Payment shall be made in one lump sum 15 days after the Termination to Executive or the personal
representative of Executive’s estate if Executive dies during such 15-day period.
For purposes of this Agreement, “annualized compensation” shall mean the amounts earned by
Executive for personal service rendered to the Company and its affiliates as reportable on Treasury
Department Form W-2, including bonuses, and excluding the following: (1) moving and educational
expenses, (2) income included under Section 79 of the IRC and (3) income imputed to Executive from
personal use of employer-owned automobiles and employer paid club dues. Earnings shall not include
any income attributable to grants of and dividends on shares awarded under any stock-based
incentive compensation plan.
(b) Medical Insurance.
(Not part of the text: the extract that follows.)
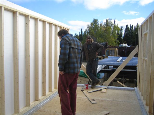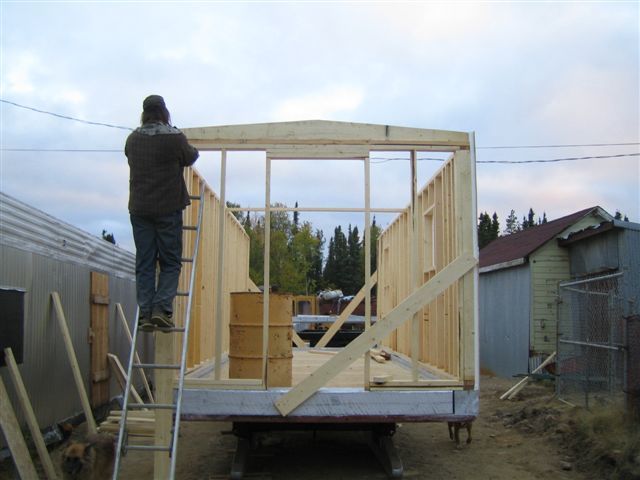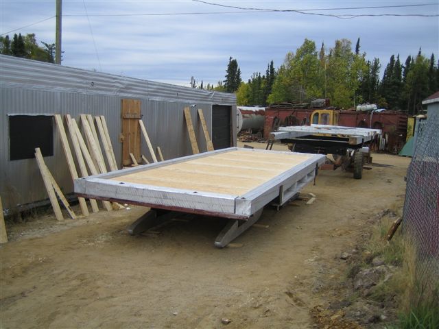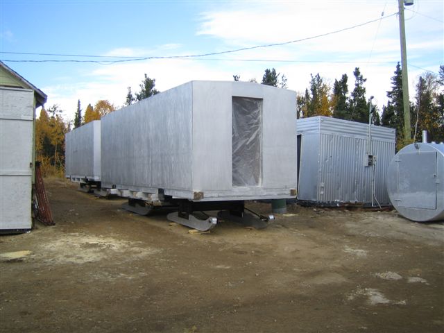 IN THE SUMMER OF 2006 WE DECIDED TO BUILD 2 CABOOSES FOR THE CAT TRAIN TOURS WHICH IS NO A BIG PROJECT EXCEPT ALL THE BUILDING MATERIALS HAD TO BE HAULED IN. THE PLYWOOD AND INSULATION CAME 1200 kms FROM THE SOUTH WHILE THE STRUCTUAL LUMBER CAME 800 kms FROM THE SOUTHWEST. IT TOOK CLOSE TO 3 MONTHS TO GET EVERYTHING HAULED IN AND THEN THE WEATHER HAD TO BE READY FOR A BUILDING BEE. ONCE WE STARTED BUILDING WE COULD NOT STOP IN FEAR OF THE RAINY SEASON THAT THE GREAT WHITE NORTH IS FAMOUS FOR. SO IT WAS A TOUGH 6 DAYS OF NON STOP BUILDING AND WE WERE ABLE TO GET IT DONE AND PAINTED BEFORE THE RAINS CAME.

The Company shall reimburse Executive for COBRA premiums paid
by Executive, not reimbursed by any third party and allowable as a deduction under Section 213 of
the IRC (disregarding the requirement of Section 213(a) that the deduction is available only to the
extent that such expenses exceed 7.5 percent of adjusted gross income) during Executive’s
applicable COBRA continuation period as permitted by Section 409A of the IRC. Anything herein to
the contrary notwithstanding, if during such period Executive should enter into the employ of
another company or firm which provides medical insurance coverage, the Company’s reimbursement
shall cease.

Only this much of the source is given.